WHAT TO DO: Copy out every line of the data exactly; do not include the images.

MATERIAL FOR THIS TASK:
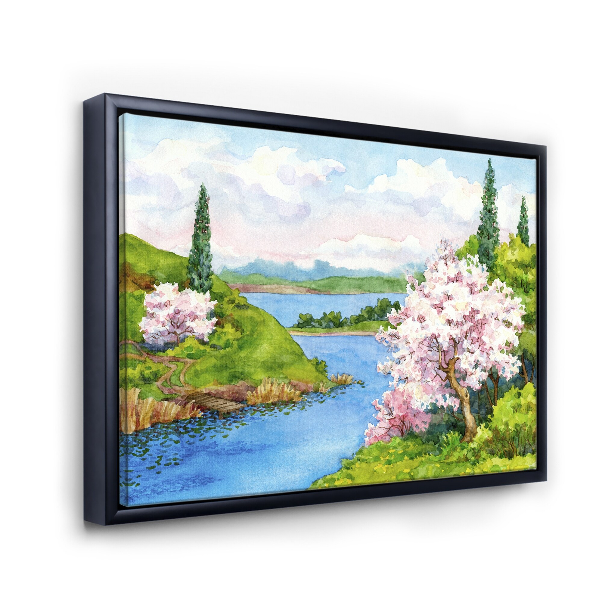 Designart "Spring Landscape Under A Bright Blue Sky" Traditional Framed Canvas Wall Art Print
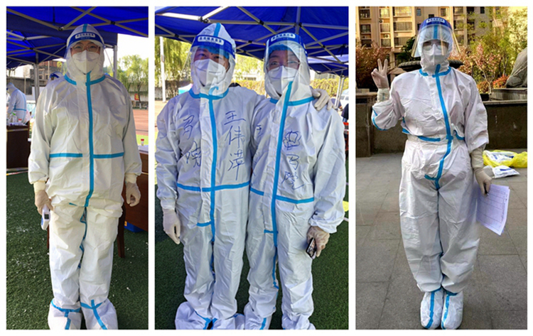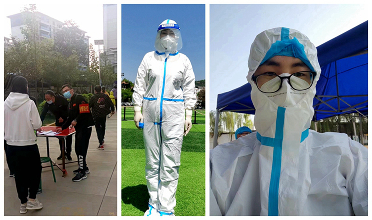 ——廣大教師響應(yīng)號召,積極參與志愿服務(wù)。4月8日首場全員核酸檢測拉開序幕,工作人員緊缺,馬克思主義學(xué)院教師安梅、王偉萍、王貝貝主動請纓,穿上防護服,變身“大白”,在炎炎烈日下協(xié)助醫(yī)護人員完成檢測任務(wù)。4月11日,組織部發(fā)出《致全校各級黨組織和廣大共產(chǎn)黨員的倡議書》后,馬克思主義學(xué)院教師黨員積極響應(yīng),踴躍報名。劉健、葉肖、鞏麗麗、王貝貝、王偉萍等同志參與了校內(nèi)志愿服務(wù),高婷婷、宋秀方等同志積極擔任了所在小區(qū)志愿者。他們起早貪黑,頂著烈日、冒著風雨為疫情防控做出積極貢獻。還有肖歲利等非黨員教師也積極向組織表達了參加志愿服務(wù)的強烈愿望。
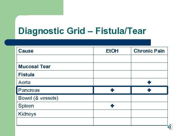 Diagnostic Grid – Fistula/Tear Cause Et. OH Chronic Pain Mucosal Tear Fistula Aorta Pancreas Bowel (& vessels) Spleen Kidneys
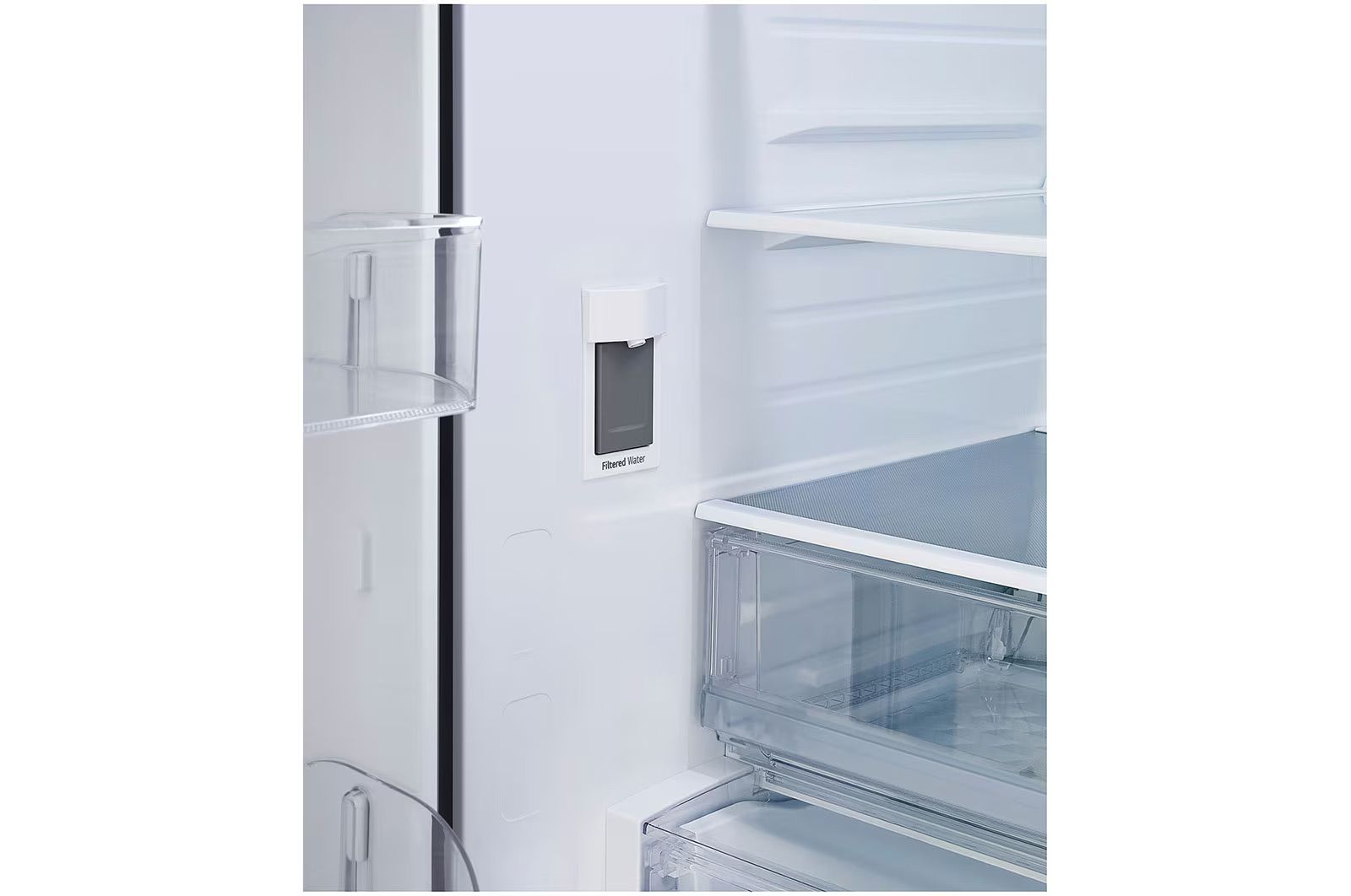 בר מים מסוננים דיסקרטי הבנוי בתוך גוף המקרר לחיסכון במקום.
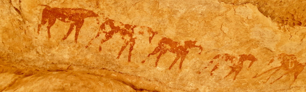 A l’époque où le Sahara était verdoyant et fertile, des populations de chasseurs et de pasteurs y vivaient : nombreux sont les dessins représentant des troupeaux de bovins menés par des bergers. Leurs œuvres d’art figurent des scènes de chasse , de danse et d’affrontements …
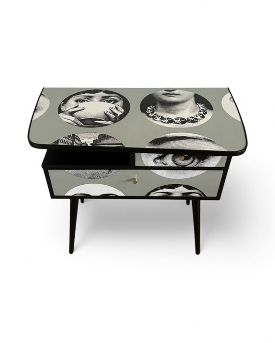Dit unieke vintage kastje is bekleed met het iconische ‘Tema e Variazioni behang’ van Fornasetti, met het raadselachtige gezicht van Lina Cavalieri, een tijdloze muze in kunst en design.
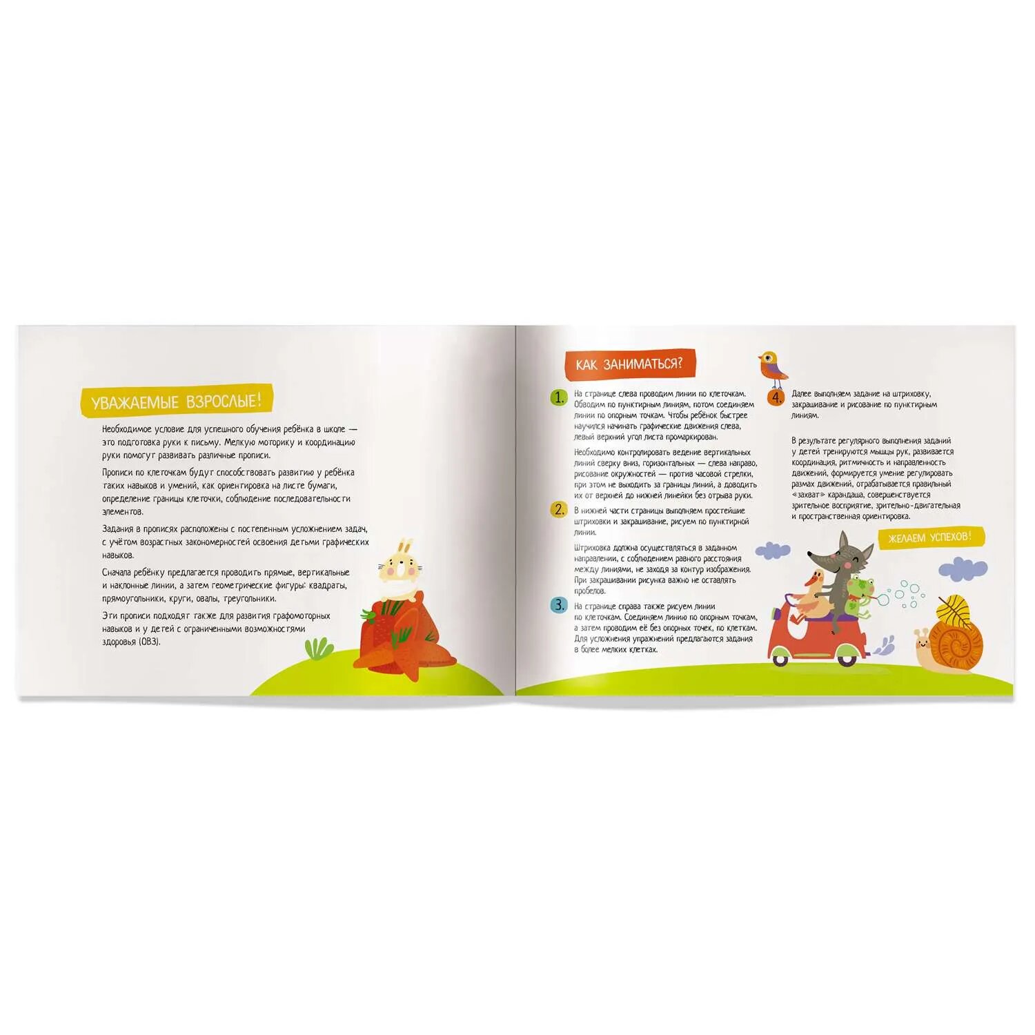 Прописи предназначены для формирования графических навыков у дошкольников. Ребёнок будет проводить различные линии, рисовать геометрические фигуры, выполнять простейшие штриховки и раскрашивания. Задания в прописях расположены по принципу постепенного усложнения. В результате регулярного выполнения упражнений у ребёнка тренируются мышцы рук, повышается уровень координационных способностей, ритмичности и направленности движений, формируется умение регулировать размах движений, отрабатывается правильный захват карандаша, развивается и совершенствуется зрительное восприятие, зрительно-двигательная и пространственная ориентировка.
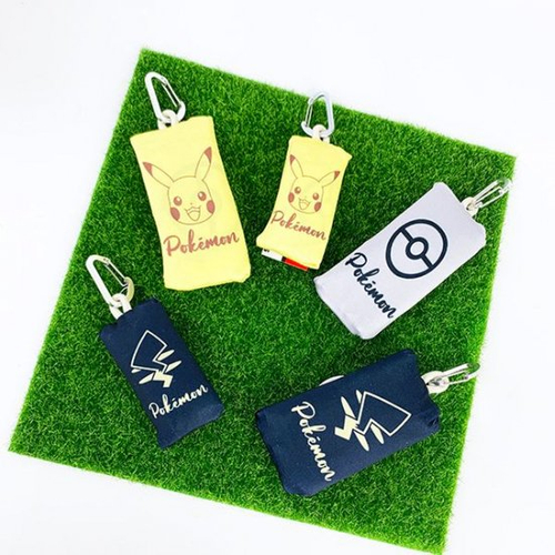 同じデザインでSサイズとMサイズの2サイズご用意していて、Sサイズは縁取りが黒・Mサイズは白の違いがあります。おまけに、収納袋にもピカチュウの笑顔のデザインが♡カラビナ付きの袋なので、バッグに付ければマスコットのようです♪
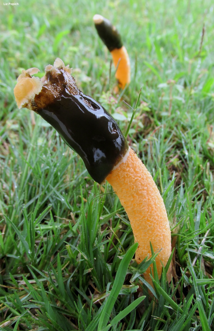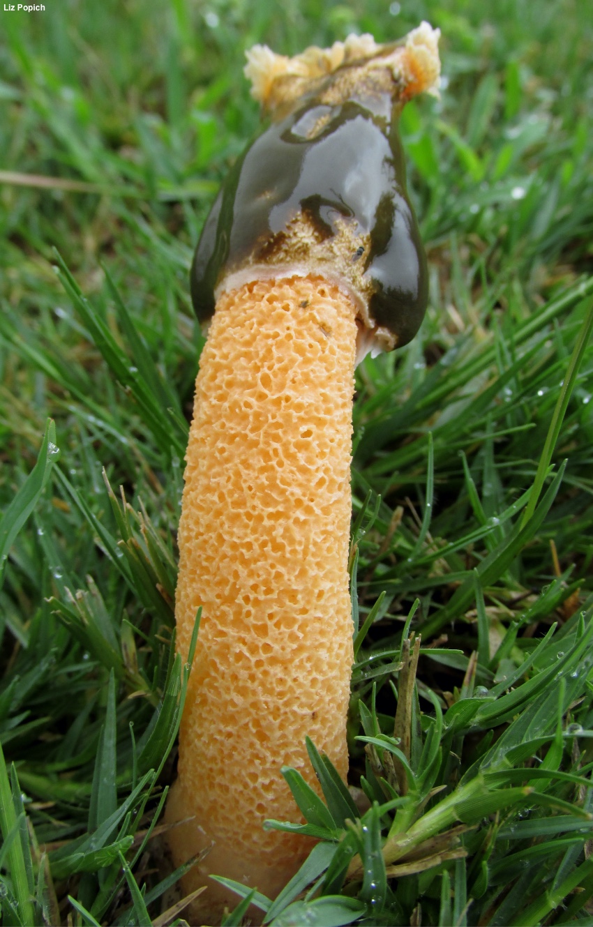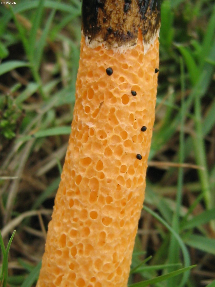 DESC. Volva globose-oblong; one finger high; one half finger wide; outer surface alutaceous, with exserted rhizoids below that are generally simple or occasionally truncated after branching, terminal rhizoids ending in small bulbs; outer surface dark, covered with a pale, gelatinous, spermatic-smelling mass that stretches up the stem toward the cap; circumscissle. At the base there is a rudimentary cupuliform second volva, connate with the base of the first, with a limb that follows the stem for two lines. Stipe cylindric, four to five thumbs high, base half a thumb wide, apex 3-4 lines wide, hollow, completely covered with chambered depressions, orange. Cap, when it erupts from the volva, covered with white mucilaginous material in which the spores (not observed) are contained; digitaliform, delicately reticulate-rugose; concolorous with the stem; 6–9 lin. high; 9 lin. in diameter at the base and at the midpoint; at the base barely contiguous with the stipe, but not adnate, apex depressed and membranous while separated from the hollow stipe, later becoming perforated, unless development in maturity proceeds in such a way that the membrane is not ruptured. Sometimes the apex of the cap is covered with torn patch of volva.

TASK OUTPUT:
 Designart "Spring Landscape Under A Bright Blue Sky" Traditional Framed Canvas Wall Art Print
 ——廣大教師響應(yīng)號召,積極參與志愿服務(wù)。4月8日首場全員核酸檢測拉開序幕,工作人員緊缺,馬克思主義學(xué)院教師安梅、王偉萍、王貝貝主動請纓,穿上防護服,變身“大白”,在炎炎烈日下協(xié)助醫(yī)護人員完成檢測任務(wù)。4月11日,組織部發(fā)出《致全校各級黨組織和廣大共產(chǎn)黨員的倡議書》后,馬克思主義學(xué)院教師黨員積極響應(yīng),踴躍報名。劉健、葉肖、鞏麗麗、王貝貝、王偉萍等同志參與了校內(nèi)志愿服務(wù),高婷婷、宋秀方等同志積極擔任了所在小區(qū)志愿者。他們起早貪黑,頂著烈日、冒著風雨為疫情防控做出積極貢獻。還有肖歲利等非黨員教師也積極向組織表達了參加志愿服務(wù)的強烈愿望。
 Diagnostic Grid – Fistula/Tear Cause Et. OH Chronic Pain Mucosal Tear Fistula Aorta Pancreas Bowel (& vessels) Spleen Kidneys
 בר מים מסוננים דיסקרטי הבנוי בתוך גוף המקרר לחיסכון במקום.
 A l’époque où le Sahara était verdoyant et fertile, des populations de chasseurs et de pasteurs y vivaient : nombreux sont les dessins représentant des troupeaux de bovins menés par des bergers. Leurs œuvres d’art figurent des scènes de chasse , de danse et d’affrontements …
Dit unieke vintage kastje is bekleed met het iconische ‘Tema e Variazioni behang’ van Fornasetti, met het raadselachtige gezicht van Lina Cavalieri, een tijdloze muze in kunst en design.
 Прописи предназначены для формирования графических навыков у дошкольников. Ребёнок будет проводить различные линии, рисовать геометрические фигуры, выполнять простейшие штриховки и раскрашивания. Задания в прописях расположены по принципу постепенного усложнения. В результате регулярного выполнения упражнений у ребёнка тренируются мышцы рук, повышается уровень координационных способностей, ритмичности и направленности движений, формируется умение регулировать размах движений, отрабатывается правильный захват карандаша, развивается и совершенствуется зрительное восприятие, зрительно-двигательная и пространственная ориентировка.
 同じデザインでSサイズとMサイズの2サイズご用意していて、Sサイズは縁取りが黒・Mサイズは白の違いがあります。おまけに、収納袋にもピカチュウの笑顔のデザインが♡カラビナ付きの袋なので、バッグに付ければマスコットのようです♪
 DESC. Volva globose-oblong; one finger high; one half finger wide; outer surface alutaceous, with exserted rhizoids below that are generally simple or occasionally truncated after branching, terminal rhizoids ending in small bulbs; outer surface dark, covered with a pale, gelatinous, spermatic-smelling mass that stretches up the stem toward the cap; circumscissle. At the base there is a rudimentary cupuliform second volva, connate with the base of the first, with a limb that follows the stem for two lines. Stipe cylindric, four to five thumbs high, base half a thumb wide, apex 3-4 lines wide, hollow, completely covered with chambered depressions, orange. Cap, when it erupts from the volva, covered with white mucilaginous material in which the spores (not observed) are contained; digitaliform, delicately reticulate-rugose; concolorous with the stem; 6–9 lin. high; 9 lin. in diameter at the base and at the midpoint; at the base barely contiguous with the stipe, but not adnate, apex depressed and membranous while separated from the hollow stipe, later becoming perforated, unless development in maturity proceeds in such a way that the membrane is not ruptured. Sometimes the apex of the cap is covered with torn patch of volva.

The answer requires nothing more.